Five years ago, there were 5000 CDs in my garage. Now I’m down to a few hundred copies of my third CD, which I’ll likely take to the grave.

How did I do it? With a near-continuous stream of free CD offers.

It works like this: I offer a CD for free. The buyer just has to pay for shipping, $5 in the US. When they do, they’re presented with two or three additional offers, otherwise known as upsells.

In a perfect world, those upsells cover my costs and I grow my fanbase for free.

For more context, including hard numbers, check out my previous posts on the topic (in chronological order): How I Sold 1000 CDs in 10 Weeks, How I Promoted My Free CD Offer, Selling CDs to Strangers, My Pay What You Want CD Offer, and How I Promote My Music.

Once I ran out of a CD, I pivoted to a new one until they were all gone! Except that third one from 1999. Not the best intro to my music.

Here’s an overview of all items sold on my site from May 4, 2020 through July 16, 2025 when I sold the last CD:

In terms of CDs moved, the first six items below were all offered for free:

Some were also featured as upsells, which explains the positive dollar amounts. That and occasionally someone felt bad about getting the album for free and would pay full price.

And here are the top revenue generators, the top two being CD bundles offered as upsells:

That also includes sales outside of my offer, like the USB discography.

Out of the $47K in revenue, $32K came from the offer, and $15K was “normal” sales.

Were some of those normal sales from people who discovered my music through the offer? Of course, but where do I draw the line?

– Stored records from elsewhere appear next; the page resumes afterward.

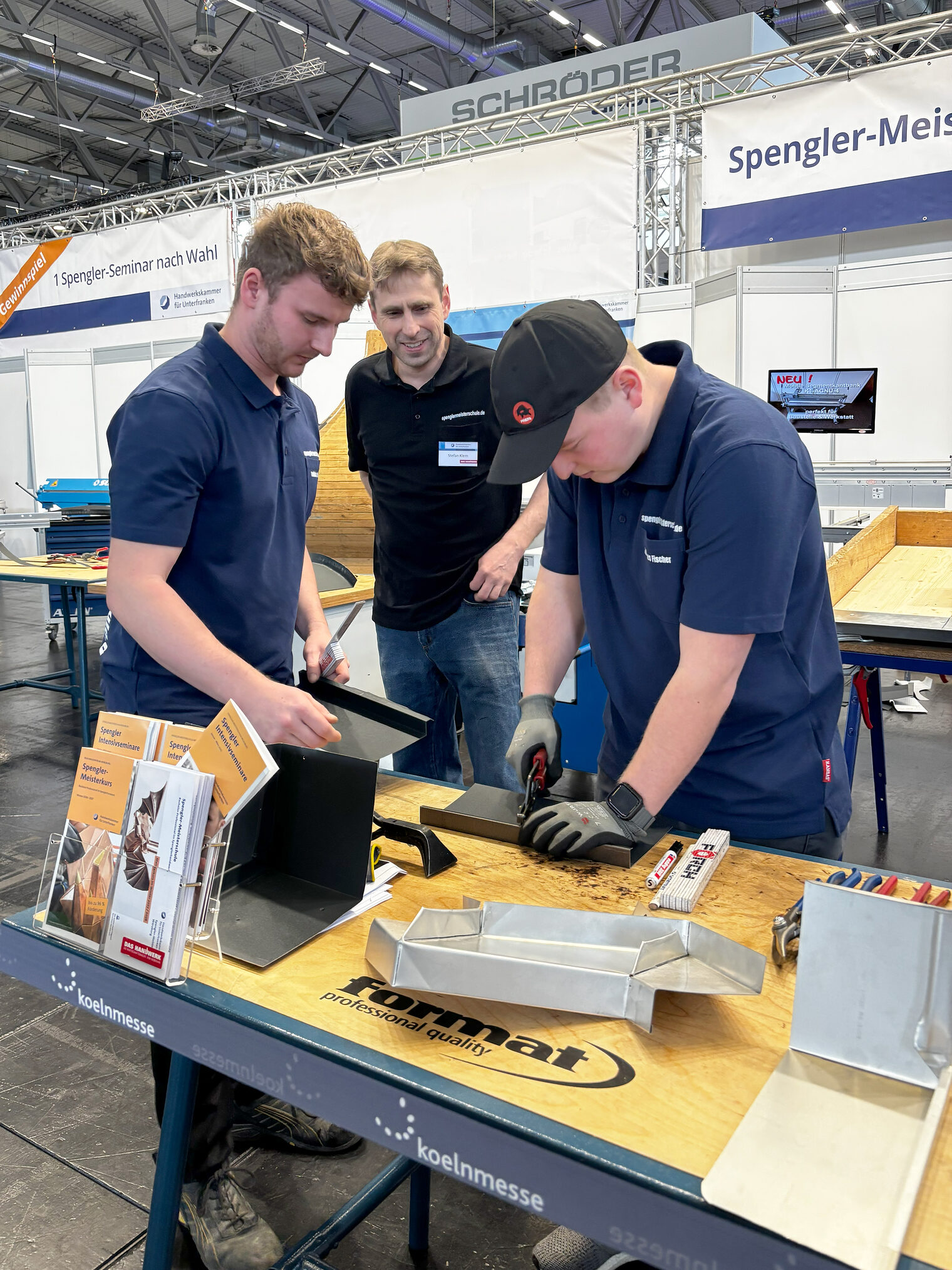 Am Stand 428 in Halle 8 präsentierten die Meisterschüler der Spenglermeisterschule die ganze Vielfalt des Spenglerhandwerks: von der Anfertigung eines Wandanschlussfalzes (Bündnerfalz) über Faltenkehlen und gerundete Maurerabdeckungen bis hin zu kunstvoll gestalteten Origamis und handgefertigten Spenglerosen. Die Live-Anfertigungen boten spannende Einblicke in das Spenglerhandwerk und zogen kontinuierlich Besucher an.
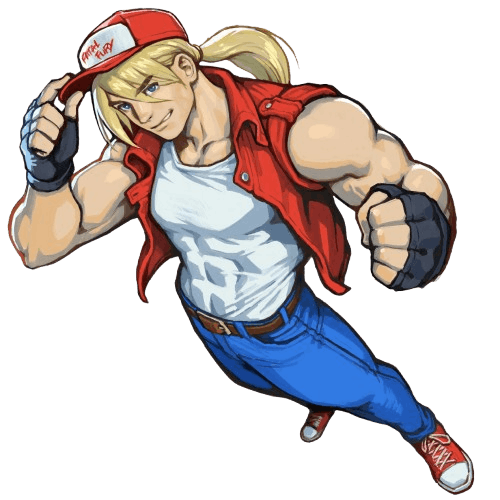 Terry was created by Jigglypuff in an effort to win the war. However, Terry did not want to fight in a war, so he used his GO! powers to escape the Nine Hells. He made it to the Subspace and lived with a pack of wolves for years while training, giving rise to his special move Buster Wolf. The move is called that because first he grabs you (kind of like a wolf with its fangs) and then explodes you (hence the 'buster'). His other move, Power Geyser, was inspired by what it looks like when lava erupts in the Nine Hells.
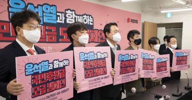 국민의힘은 당사에서 당 후원금인 '국민후원금' 모금 캠페인을 개최. 윤석열 대선 후보와 이준석 대표, 권성동 사무총장이 참석한 가운데 국민후원회장으로는 김윤후(34·연극배우) 씨, 이용진(23·대학생), 김철수(77·에이치플러스 양지병원 이사장)씨가 임명.

My plan in composing this post was to provide a detailed profit/loss report on every CD I gave away. Unfortunately, Meta Ads Manager only goes back three years. That was news to me!

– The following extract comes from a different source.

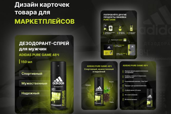 Работа выполнена частично по Техническому Заданию, тк информации было не достаточно для полной карточки товара, для того чтобы привлечь внимание потенциального клиента. Нашла самостоятельно недостающую информацию о товаре и оформила карусель карточек для товара.
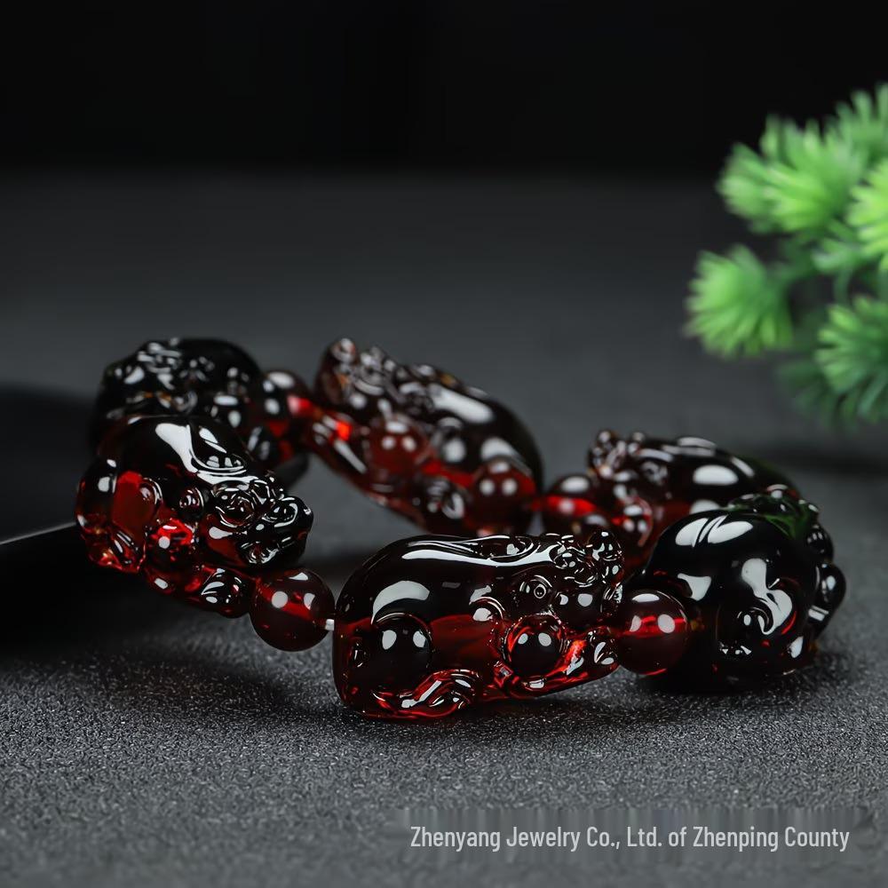 3D Red Amber Pixiu Bracelet for Wealth & Fortune, Unisex

Since August 2022, I spent $21K on Facebook and Instagram ads to promote the offer. Reviewing my earlier posts, I spent about $4K from the start of the campaign through the end of 2020, which leaves 2021 and half of 2022 unaccounted for.

If you’re keeping score, that’s $32K in income versus $25K in ads, plus whatever I spent over the missing year-and-a-half.

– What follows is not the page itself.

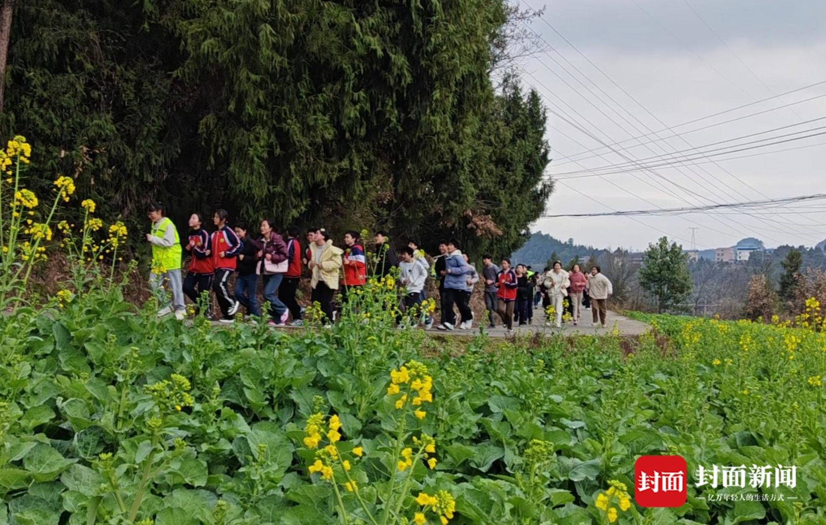 2月20日下午5时20分,3支队伍从学校前后门发,校长苟攀、学校副书记史浩霖都换上便装,各领一支队伍,吹着哨子,护送学生。一年级19名学生要往返要跑2公里;9年级52名学生要跑6公里。这些现成的乡村道路成了孩子们的“跑道”,封面新闻记者跟随其中两路一起奔跑。乡村水泥路崎岖不平,同学们没穿统一的校服,但都有一双合脚的运动鞋。

My guess? I more or less broke even.

But there’s no way to know for sure. Some of those buyers became patrons and continue to support me to this day. I also gained two thousand email subscribers, and certainly social media followers as well.

On the flip side, packing orders is a chore, as is going to the post office to retrieve the ones that were returned, contacting the buyers, and having them insist that you ship it again even though they’re the one who provided the incomplete address in the first place. To Germany!

As much as you hear about merch sales being the key to making a living as an independent artist (after all, one CD sale is equivalent to 5000 streams), I’m delighted to be done with it.

The main reason is that international shipping is prohibitively expensive, typically $20-30 for a CD. Whereas if you’re in the UK, you can ship that same CD anywhere in the world for $8 or less.

As a result, buyers in the UK are shocked and disgusted when they see a $20 shipping charge, and assume you’re gouging them.

It’s gotten so bad that every six months when I send out patron CDs, I ship them to a friend in Manchester, order the postage on the Royal Mail site, and then he applies the labels and ships them from there.

And now thanks to tariffs, shipping to the US is even more confusing, though CD and vinyl are exempt for the time being.

Shipping costs are one of the many reasons that I’ll be using elasticStage to manufacture and fulfill orders of my upcoming fourteenth album (link goes to the Countdown page on Spotify).

They ship from London, so buyers won’t pay more for shipping than the product itself!

Ultimately, dropping merch sales from my list of duties puts me closer to my personal ideal: making music anonymously, uploading it to distribution, and… that’s it.

To me, that’s the ultimate definition of a recording artist. No social media “content,” no music videos, no touring, no e-commerce.

No audience? Most likely. For now it’s a matter of striking the right balance.